• Your goal
Skip the pictures. Output only the lines below starting at the line with "Rohová sedací souprava" and ending at the line with "IMPORTANTE Enzyme Nomenclature: most", both ends included, exactly as they are.

• Source records
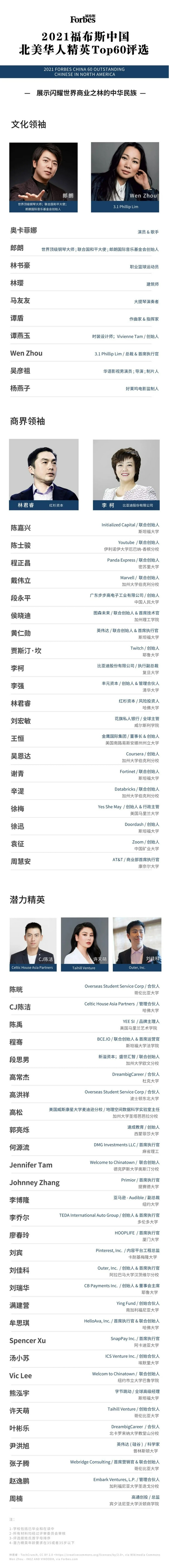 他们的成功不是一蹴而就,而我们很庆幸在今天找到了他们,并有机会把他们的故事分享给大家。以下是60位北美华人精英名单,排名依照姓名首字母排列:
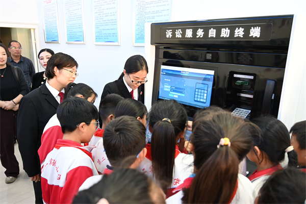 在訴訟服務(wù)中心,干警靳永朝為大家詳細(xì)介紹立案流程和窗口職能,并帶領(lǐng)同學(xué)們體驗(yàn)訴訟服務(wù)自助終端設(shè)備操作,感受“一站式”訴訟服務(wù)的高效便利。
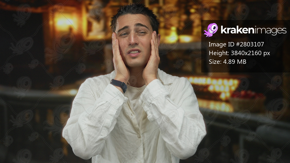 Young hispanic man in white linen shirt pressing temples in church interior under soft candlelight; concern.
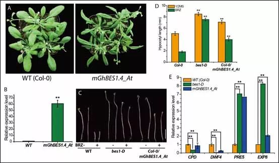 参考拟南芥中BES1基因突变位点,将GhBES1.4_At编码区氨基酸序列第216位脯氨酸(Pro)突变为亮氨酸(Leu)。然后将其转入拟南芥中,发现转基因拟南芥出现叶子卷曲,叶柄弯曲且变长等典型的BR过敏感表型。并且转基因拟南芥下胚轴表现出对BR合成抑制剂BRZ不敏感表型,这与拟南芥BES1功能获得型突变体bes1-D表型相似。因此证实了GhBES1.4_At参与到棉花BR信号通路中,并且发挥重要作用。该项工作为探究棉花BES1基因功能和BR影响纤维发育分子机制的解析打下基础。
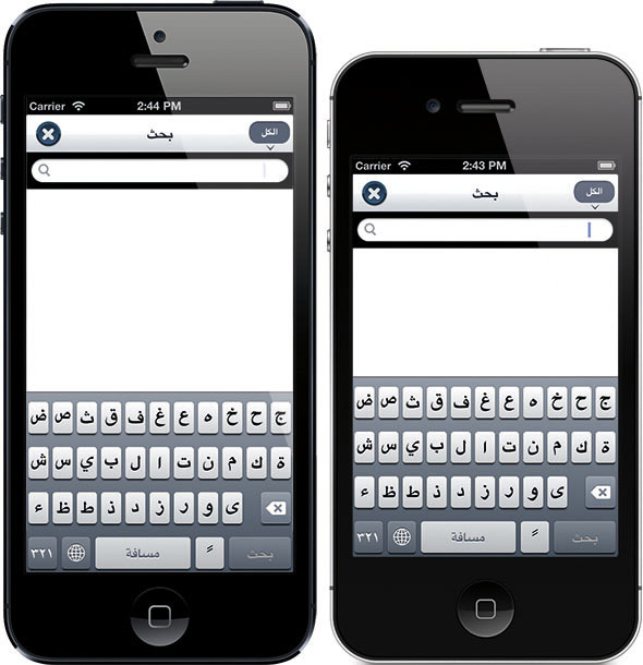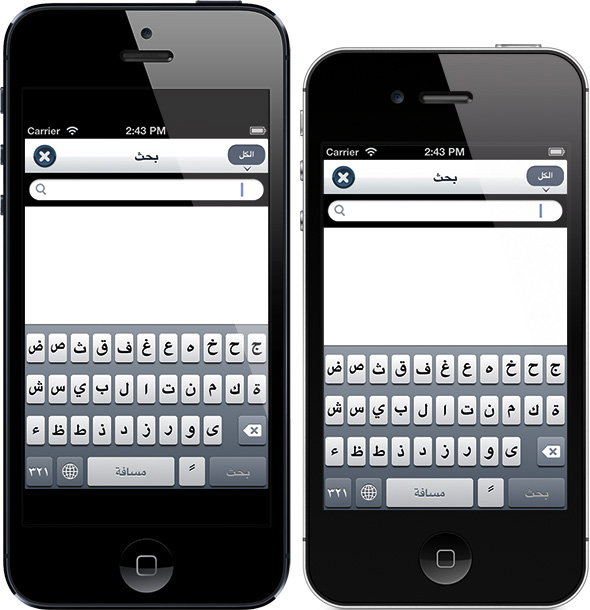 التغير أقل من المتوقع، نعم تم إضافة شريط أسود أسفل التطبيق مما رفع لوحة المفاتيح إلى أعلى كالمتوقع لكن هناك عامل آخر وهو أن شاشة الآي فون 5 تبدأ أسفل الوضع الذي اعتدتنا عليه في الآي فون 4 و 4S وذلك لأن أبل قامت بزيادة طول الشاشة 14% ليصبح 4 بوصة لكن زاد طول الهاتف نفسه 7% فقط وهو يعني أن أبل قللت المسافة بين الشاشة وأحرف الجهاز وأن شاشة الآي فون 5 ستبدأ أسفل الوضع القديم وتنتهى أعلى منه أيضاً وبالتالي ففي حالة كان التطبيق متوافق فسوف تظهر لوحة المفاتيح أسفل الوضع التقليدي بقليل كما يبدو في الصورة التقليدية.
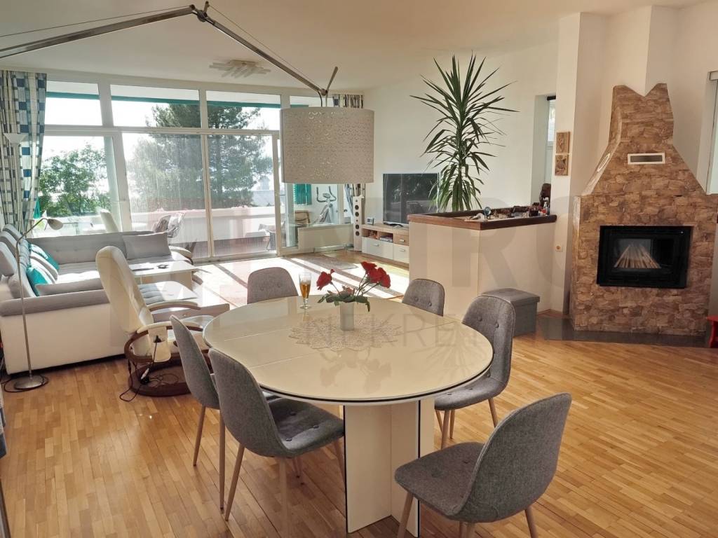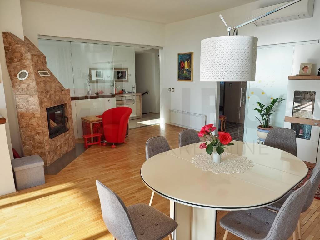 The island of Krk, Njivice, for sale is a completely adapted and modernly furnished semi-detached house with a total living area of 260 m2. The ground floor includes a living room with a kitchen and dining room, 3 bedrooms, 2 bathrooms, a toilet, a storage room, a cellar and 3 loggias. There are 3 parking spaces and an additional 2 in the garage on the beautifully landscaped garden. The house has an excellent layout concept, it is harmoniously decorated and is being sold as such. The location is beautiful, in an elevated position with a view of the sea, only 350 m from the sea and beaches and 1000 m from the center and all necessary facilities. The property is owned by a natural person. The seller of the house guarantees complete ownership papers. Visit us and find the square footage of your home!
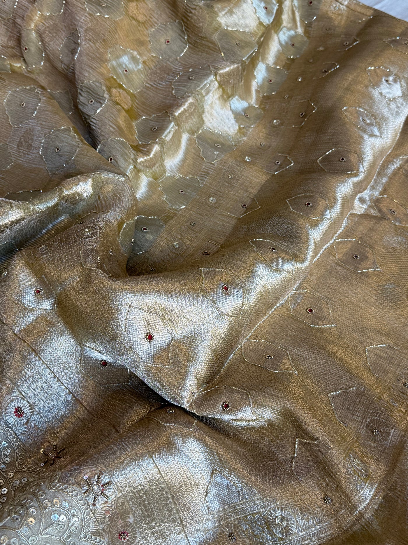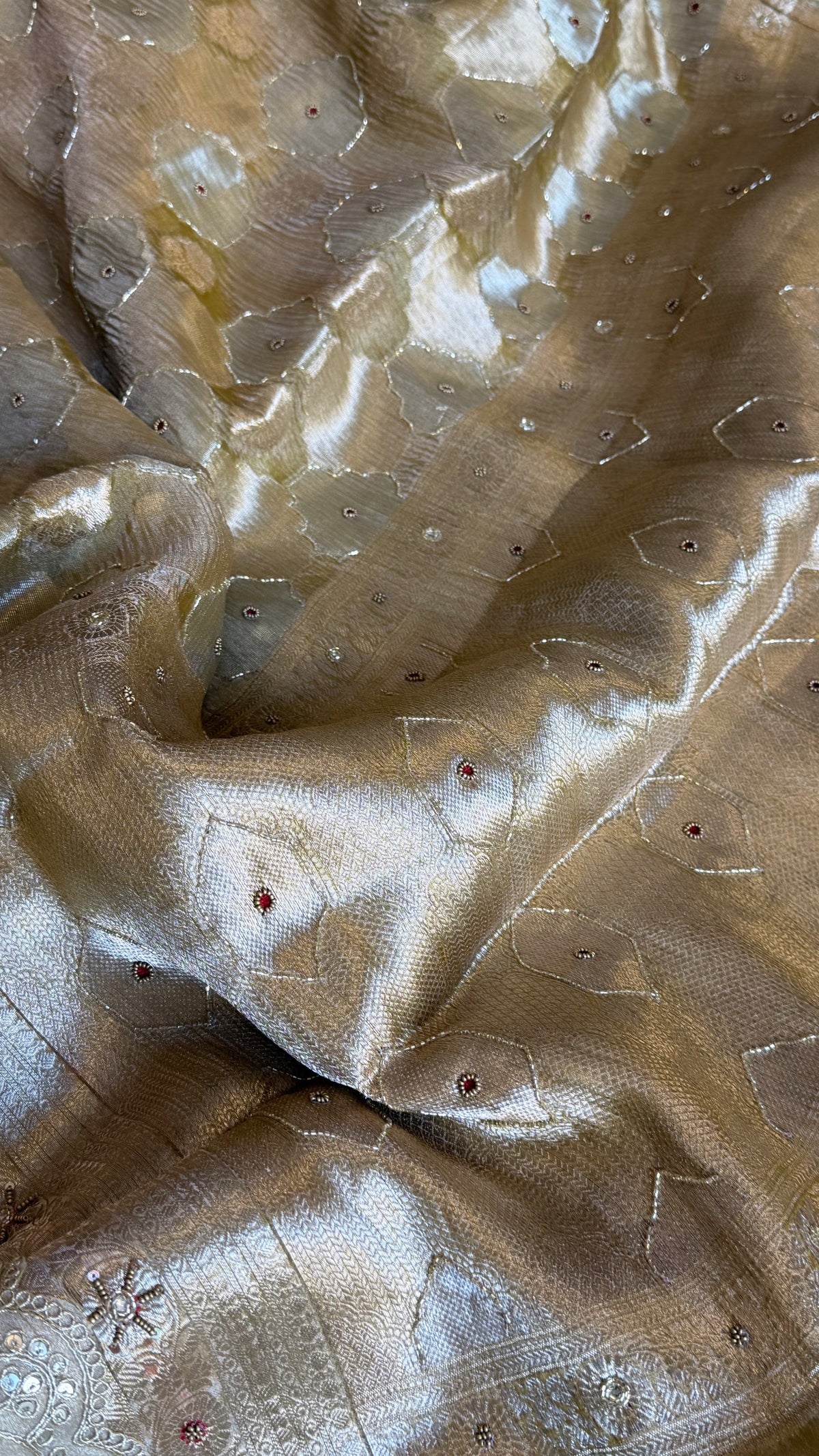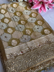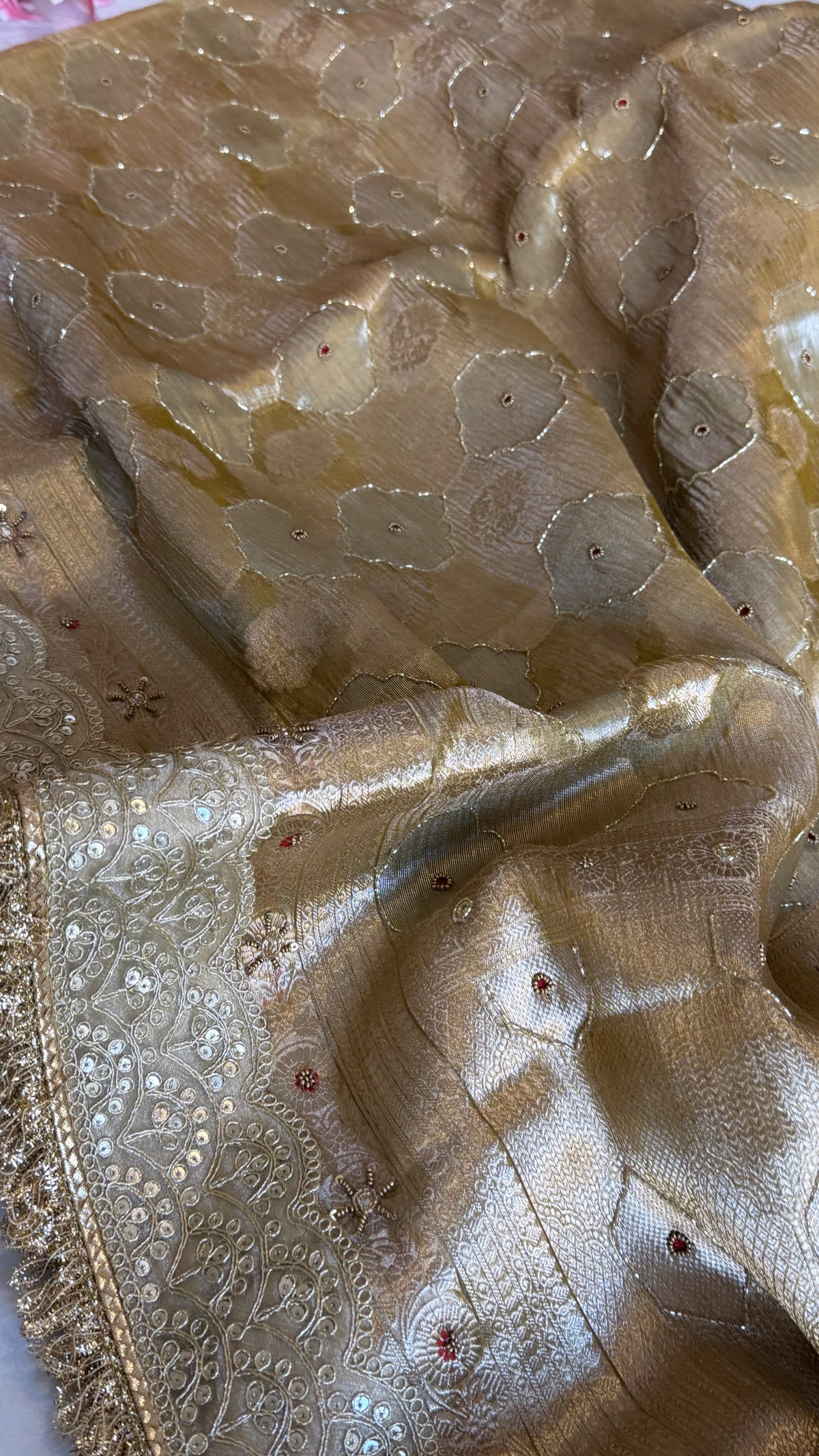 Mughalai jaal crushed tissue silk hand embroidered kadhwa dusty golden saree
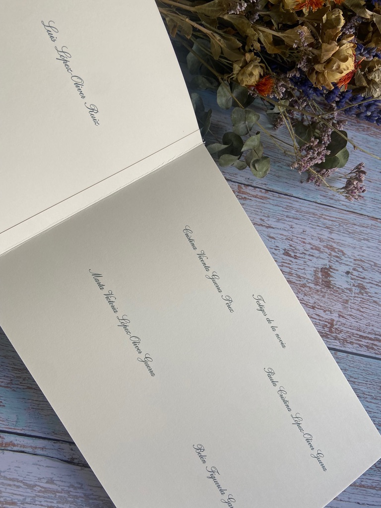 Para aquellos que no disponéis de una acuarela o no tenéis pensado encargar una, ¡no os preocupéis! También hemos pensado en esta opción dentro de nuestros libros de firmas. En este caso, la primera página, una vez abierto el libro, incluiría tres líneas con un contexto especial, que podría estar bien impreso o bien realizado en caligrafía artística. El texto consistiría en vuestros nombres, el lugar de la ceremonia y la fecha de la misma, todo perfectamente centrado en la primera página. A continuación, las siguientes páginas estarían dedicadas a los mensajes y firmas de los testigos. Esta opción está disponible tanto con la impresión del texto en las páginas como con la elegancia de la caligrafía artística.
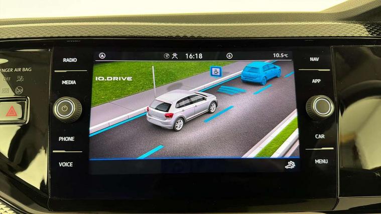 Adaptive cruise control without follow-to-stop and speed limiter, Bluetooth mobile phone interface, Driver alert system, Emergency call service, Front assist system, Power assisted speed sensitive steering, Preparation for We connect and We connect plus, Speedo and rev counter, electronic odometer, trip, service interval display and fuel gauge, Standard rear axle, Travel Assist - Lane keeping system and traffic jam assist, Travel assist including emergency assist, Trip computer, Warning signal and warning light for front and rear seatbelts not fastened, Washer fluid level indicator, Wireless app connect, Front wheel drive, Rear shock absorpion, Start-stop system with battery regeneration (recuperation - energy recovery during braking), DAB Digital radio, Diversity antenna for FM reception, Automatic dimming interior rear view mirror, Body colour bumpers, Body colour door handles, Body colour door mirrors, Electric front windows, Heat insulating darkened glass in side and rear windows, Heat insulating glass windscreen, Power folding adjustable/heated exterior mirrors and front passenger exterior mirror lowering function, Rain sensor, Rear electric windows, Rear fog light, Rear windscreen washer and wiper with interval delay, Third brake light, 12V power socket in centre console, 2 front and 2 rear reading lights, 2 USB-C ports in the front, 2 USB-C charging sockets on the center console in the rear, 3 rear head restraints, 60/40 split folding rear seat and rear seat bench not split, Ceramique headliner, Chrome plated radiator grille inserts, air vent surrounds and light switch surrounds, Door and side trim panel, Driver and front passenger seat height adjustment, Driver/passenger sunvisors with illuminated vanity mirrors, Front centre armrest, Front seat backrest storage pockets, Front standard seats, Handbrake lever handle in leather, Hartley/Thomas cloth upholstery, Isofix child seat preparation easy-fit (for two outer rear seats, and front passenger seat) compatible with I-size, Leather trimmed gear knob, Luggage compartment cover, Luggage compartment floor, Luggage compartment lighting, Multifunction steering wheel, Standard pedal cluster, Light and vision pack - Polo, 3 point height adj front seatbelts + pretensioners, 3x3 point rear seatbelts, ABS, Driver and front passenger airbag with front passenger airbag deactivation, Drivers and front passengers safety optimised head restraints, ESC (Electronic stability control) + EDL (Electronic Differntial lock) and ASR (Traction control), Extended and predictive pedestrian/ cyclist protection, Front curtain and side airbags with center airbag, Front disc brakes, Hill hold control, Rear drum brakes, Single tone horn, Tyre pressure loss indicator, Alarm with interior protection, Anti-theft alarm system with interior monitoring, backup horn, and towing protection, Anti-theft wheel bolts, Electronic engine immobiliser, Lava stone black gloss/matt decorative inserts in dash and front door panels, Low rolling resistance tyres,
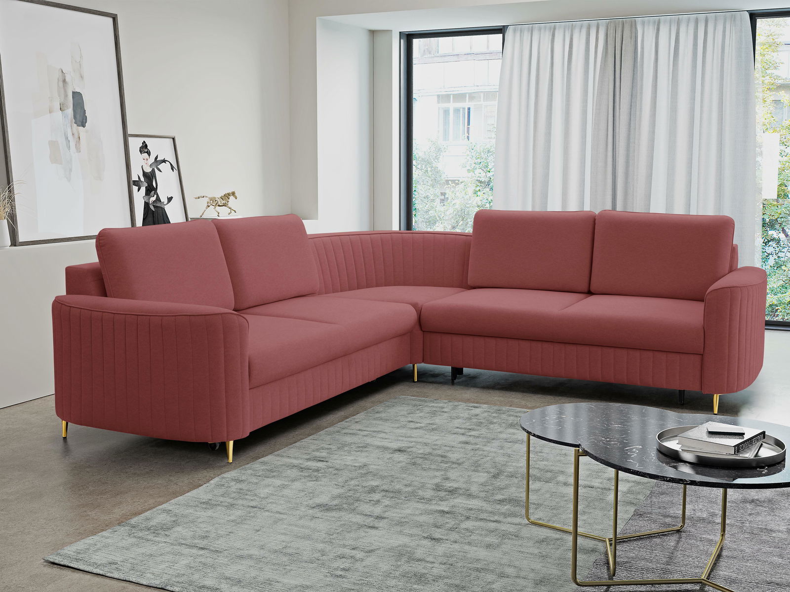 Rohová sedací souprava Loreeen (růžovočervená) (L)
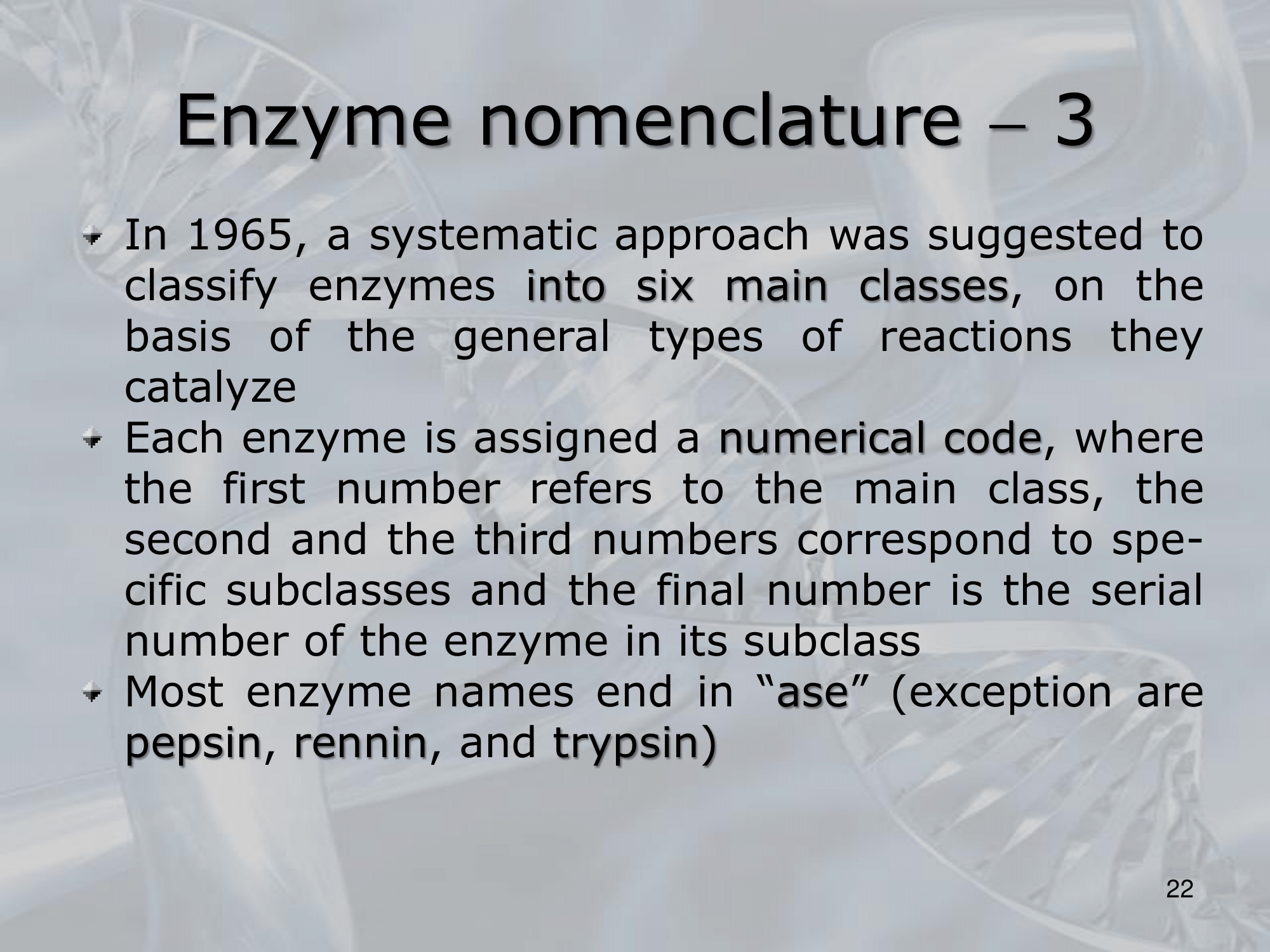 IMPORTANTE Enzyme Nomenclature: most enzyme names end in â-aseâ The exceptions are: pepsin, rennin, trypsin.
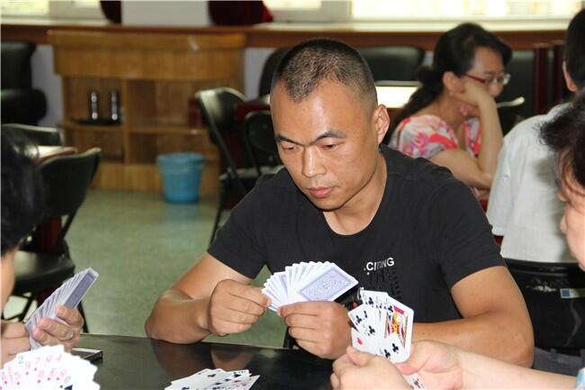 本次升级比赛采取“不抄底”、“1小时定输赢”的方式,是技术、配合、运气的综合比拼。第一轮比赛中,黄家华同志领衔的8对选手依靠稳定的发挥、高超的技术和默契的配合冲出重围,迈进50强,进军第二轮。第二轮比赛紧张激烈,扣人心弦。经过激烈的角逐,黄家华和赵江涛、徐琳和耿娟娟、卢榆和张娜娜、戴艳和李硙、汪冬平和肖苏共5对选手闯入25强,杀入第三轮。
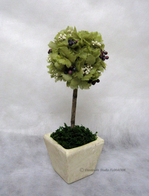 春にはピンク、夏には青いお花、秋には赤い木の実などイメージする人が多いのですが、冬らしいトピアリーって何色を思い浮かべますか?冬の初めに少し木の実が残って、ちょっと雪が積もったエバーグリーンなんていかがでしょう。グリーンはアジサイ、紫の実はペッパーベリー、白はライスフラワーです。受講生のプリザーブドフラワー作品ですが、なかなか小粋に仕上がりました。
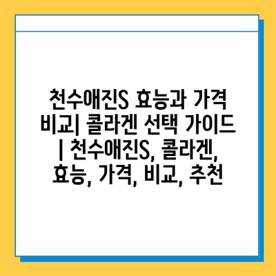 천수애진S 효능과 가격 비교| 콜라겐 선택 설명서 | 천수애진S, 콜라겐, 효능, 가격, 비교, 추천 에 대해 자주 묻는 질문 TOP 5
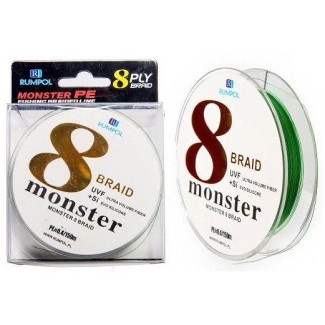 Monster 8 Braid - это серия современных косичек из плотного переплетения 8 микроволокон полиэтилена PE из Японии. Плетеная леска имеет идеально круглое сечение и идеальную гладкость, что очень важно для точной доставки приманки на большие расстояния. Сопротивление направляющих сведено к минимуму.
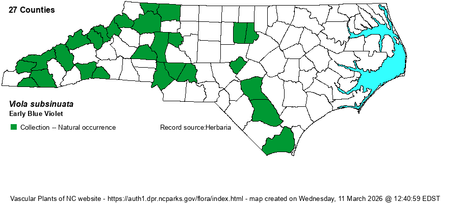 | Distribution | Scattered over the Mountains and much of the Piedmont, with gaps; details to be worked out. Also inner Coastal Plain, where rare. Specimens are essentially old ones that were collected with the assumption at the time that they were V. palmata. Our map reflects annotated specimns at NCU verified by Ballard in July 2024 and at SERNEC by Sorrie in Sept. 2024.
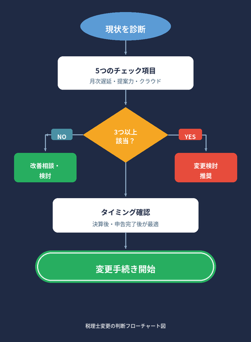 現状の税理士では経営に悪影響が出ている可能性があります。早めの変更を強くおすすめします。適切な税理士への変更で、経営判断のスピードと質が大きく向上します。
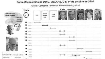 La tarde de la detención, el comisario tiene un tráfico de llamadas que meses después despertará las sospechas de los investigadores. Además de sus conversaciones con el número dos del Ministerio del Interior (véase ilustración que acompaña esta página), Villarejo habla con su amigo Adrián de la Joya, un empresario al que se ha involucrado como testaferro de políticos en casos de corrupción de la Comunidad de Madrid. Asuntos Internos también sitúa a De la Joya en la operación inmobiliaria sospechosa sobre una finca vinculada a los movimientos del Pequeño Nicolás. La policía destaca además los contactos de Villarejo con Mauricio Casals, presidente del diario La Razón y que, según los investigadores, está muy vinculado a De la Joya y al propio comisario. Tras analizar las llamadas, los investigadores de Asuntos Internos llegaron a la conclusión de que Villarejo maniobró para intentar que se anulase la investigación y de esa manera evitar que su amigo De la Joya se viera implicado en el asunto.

• Solution
 Rohová sedací souprava Loreeen (růžovočervená) (L)
 IMPORTANTE Enzyme Nomenclature: most enzyme names end in â-aseâ The exceptions are: pepsin, rennin, trypsin.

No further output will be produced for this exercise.